1) I recognized the pattern
2) it seemed to underestimate (graphically speaking) the effect of loyal visitors we see on our own site.
Take a look:
Click on that graphic to see a slightly larger version. Basically, we see about 50% of our traffic come from the 3% of our readership representing our two most loyal cohorts: ‘daily’ and ‘loyal’ visitors. Those readers come to the site at least 5 times per week. There are not many of them, but they are persistent.
So, that upside-down and lopsided Bell Curve causes a few problems. If you wanted (hypothetically) to put up a paywall – where do you put it?
The readers on the far left are not highly engaged with your site, many are one-time visitors even if they are local.
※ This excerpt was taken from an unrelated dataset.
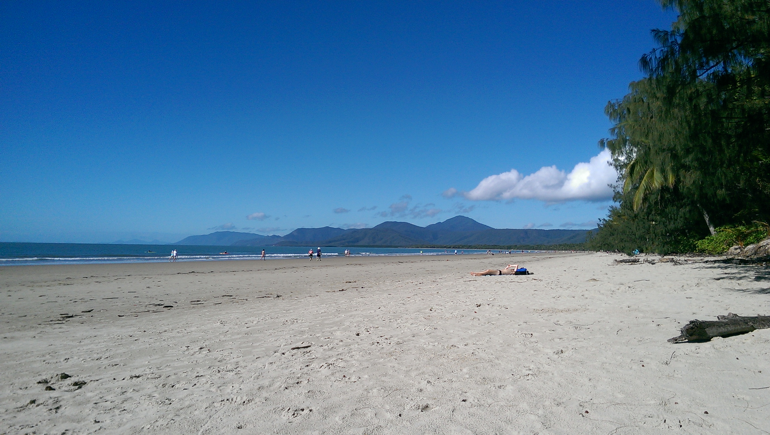 While here it hit us how much we had crammed into the preceding few days. Our ambitious plans to explore the Great Barrier Reef evaporated as we opted to sunbake on the glorious white sands of the beach instead. Unlike in Cape Tribulation, the weather was sublime, and the mercury pushed 28 degrees – which was more than welcome after the frigid days I’d been suffering in Sydney prior to leaving. We even had to invest in some suncream because we’d forgotten to bring any, and we both managed a bit of a tan =D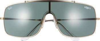 A wrap frame offers more UV coverage in these modern shield sunglasses topped by a distinct brow bar.

But, there are a lot of them!
The readers on the far right are highly engaged, mostly local but they are probably too few to build a subscription model with.
That leaves the happy medium – the occasional and weekly visitors who visit often enough, and generate enough traffic to be valuable both for CPM and potential premium offerings. But of course how would you target them with any premium model without risking either raw uniques of the fly-bys or the massive page view generation of the loyals?
No seriously, how would you? And that probably explains why we are hearing a lot of talk about paywalls this year, but aside from some unique instances – not much action so far.